Tailored Care Based on the Individual
Among the many services that palliative care physicians provide to patients, the ones that proved most consequential in the care of those with COVID-19 included:
- Understanding the individual patients’ values, priorities and goals in order to construct care plans tailored to reflect their wishes
- Integrating input from key clinicians who know the patient well, such as the patient’s primary care doctor, oncologist or nursing home clinician
- Communicating with patients’ families, providing important information and offering support
- Discussing spiritual needs and making arrangements to fit those needs
- Supporting the mental and psychological health of the patient and their family
- Managing and mitigating symptoms of respiratory distress
- Virtually connecting patients with their loved ones to minimize the impact from the inability to visit in person
Moreover, the positive impact of the presence of palliative care extended beyond the patients and to the emergency physicians.
“As emergency physicians, we are often trying to interpret patients’ wishes based on truncated, time pressured discussions,” says Dr. Aaronson. “With palliative care communicating with patients, and then working with us to help us understand the patient’s story and goals, we could feel more secure that the care we were providing was right by the patient.
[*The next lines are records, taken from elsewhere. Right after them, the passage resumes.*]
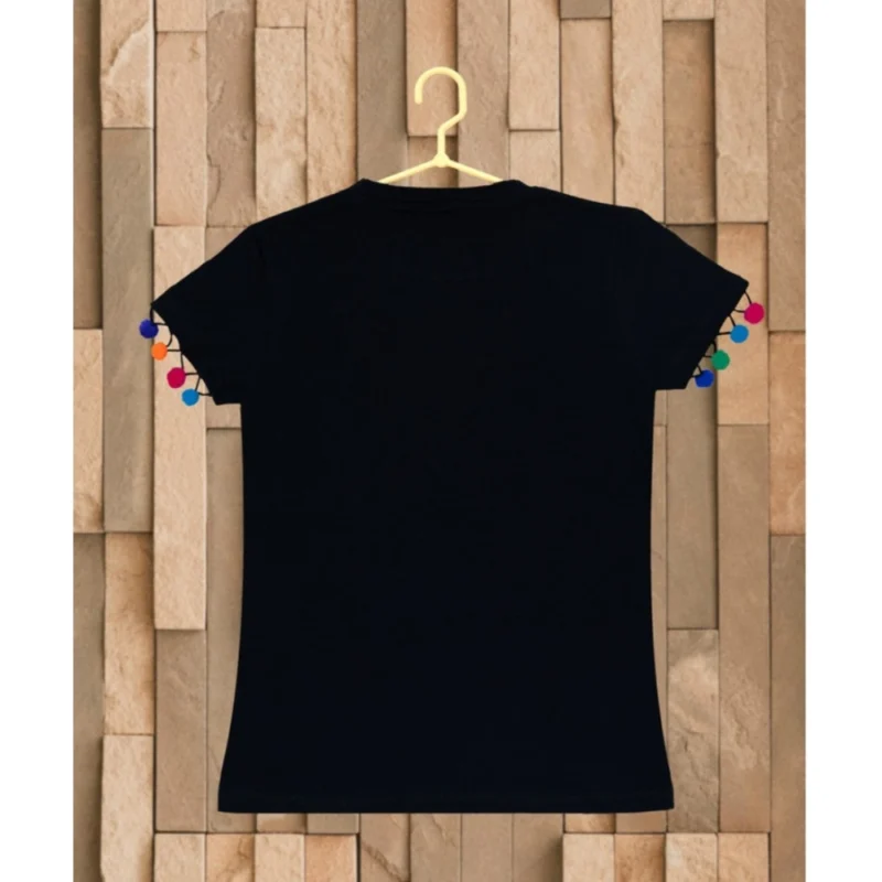 Girl's Casual Short Sleeve Printed Cotton T Shirt (Black)
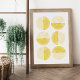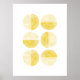 This modern, geometric art print features a series of yellow circles divided in half, and divided up with curvilinear and straight lines. This design is versatile enough to work with a variety of decor styles, but I think it would look great in an office or loft.
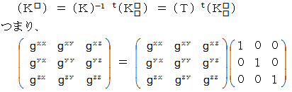 反変ベクトル表示から共変ベクトル表示への変換式 :

When we were providing incredibly invasive, aggressive therapy, we felt more at ease that this is what the patient wanted. And when we were not, we could feel confident that it was because that was not what the patient wanted.”
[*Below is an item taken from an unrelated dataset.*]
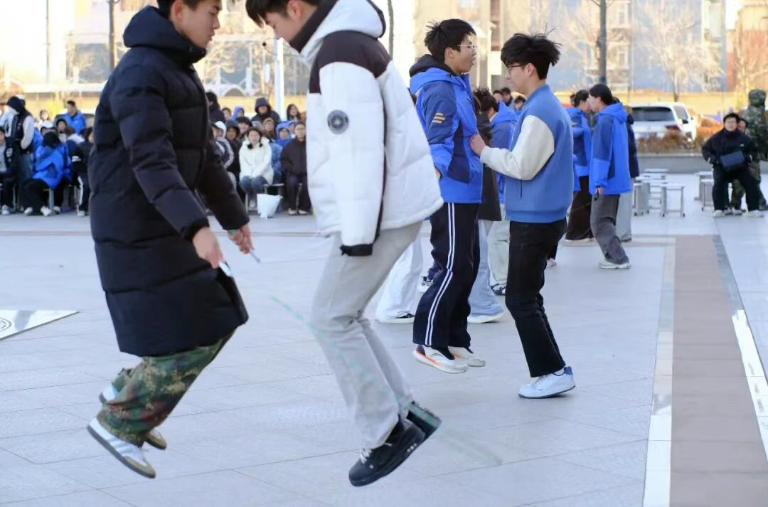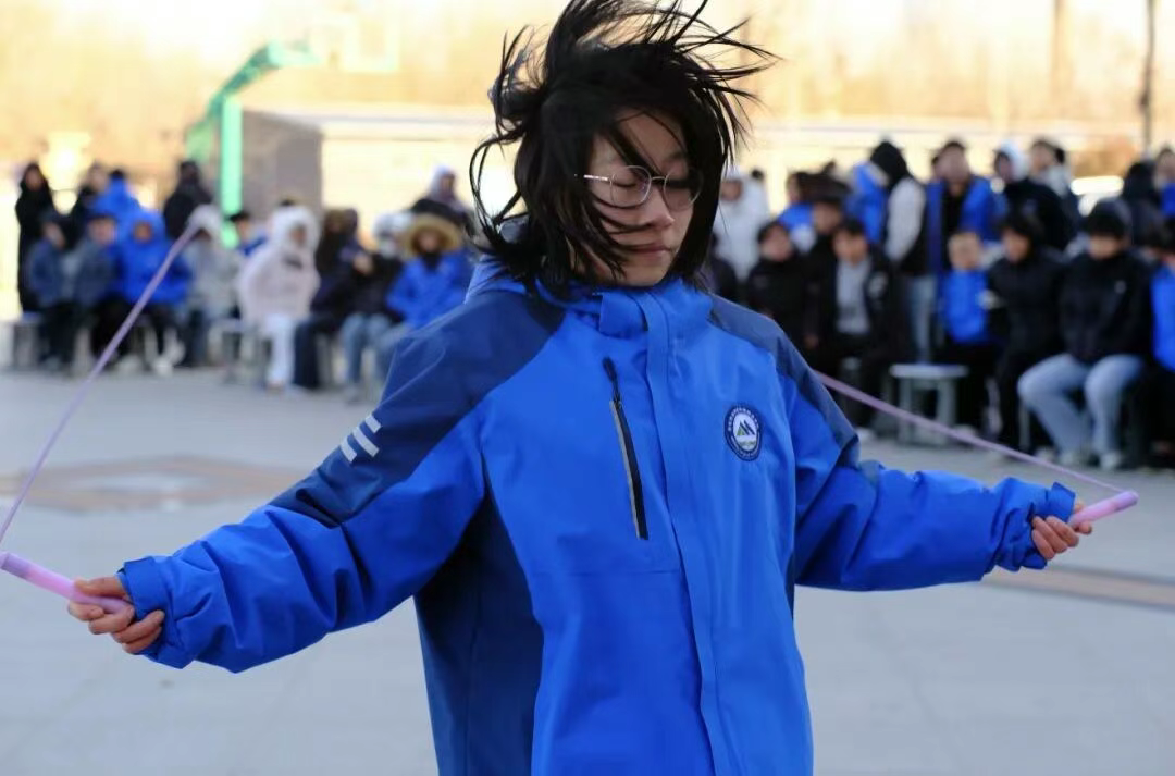 “单人单摇跳”比赛,学生们专注地挑战自我极限,跳绳击打地面的声音如鼓点般密集,引来阵阵喝彩。

The Approach to this Sub-specialty Integration at Mass General
The model to embed palliative care in the ED was spearheaded by a group of palliative care champions including the palliative care chief of service, operational leads in palliative care and an emergency medicine attending who had served as the liaison. Within a week, they developed a model consisting of four key elements:
- Embedded physician: Assignment of a full-time palliative care physician in the ED
- Rapid case identification: The standard partnership between the ED and palliative care before COVID-19 was for the ED physician to request consultations on a case-by-case basis. In this new model, the palliative care physician partnered with the ED to help identify patients with serious illness that might benefit from their involvement
- Surge plan: An established protocol for working with the full palliative care team in the case of an influx of patients in the ED and, ultimately, an increase in required consultations
- Conversation guides: The development of COVID-specific conversation guides to use as teaching tools with ED staff
“We are moving away from the idea of ‘palliative care patients’ and ‘non-palliative care patients,’” says Dr. Aaronson. “The services that the palliative care team can provide are really appropriate for any patient with a serious illness which, truly, includes many of our patients in the ED. If you are seriously ill and in the ED, we should be giving you and your family the opportunity to express your goals and values.”
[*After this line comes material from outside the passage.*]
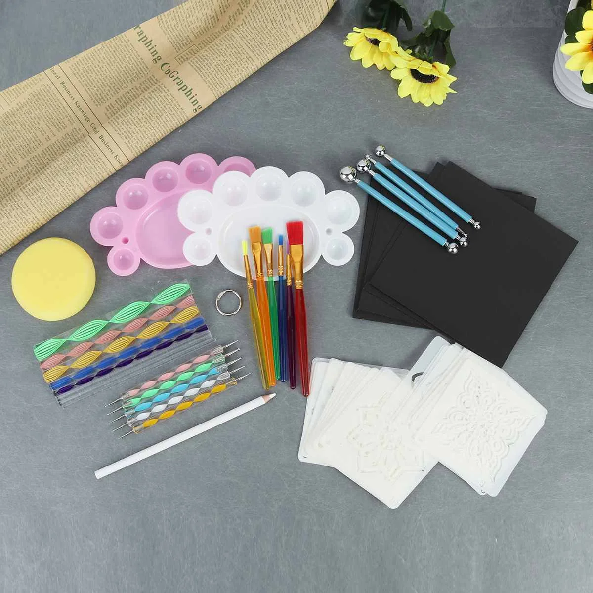 Акриловые пластиковые инструменты мандалы легко моются влажной тканью или бумажным полотенцем.

Building a Sustainable Model of Embedded Palliative Care in the ED
“It was not until COVID that we had a burning platform. All of a sudden we had this imminent and undeniable need to do it, to build this model,” says Dr. Aaronson. “Moving forward, we hope it will be scaled. Although it will look a little bit different, it will continue to have many of the same elements.”
One element is a dedicated palliative care clinician in the ED to manage these conversations about serious illness and help emergency physicians identify the patient’s goals and values, she says.
Now in the wake of the COVID-19 peak, Dr. Aaronson says the team is conceptualizing this new, permanent model that integrates palliative care in the ED in a way that sustains the knowledge and experience gained during COVID-19 and continues to place the patient at the center of care.
The team recently shared their experience of this model in the Journal of Palliative Medicine.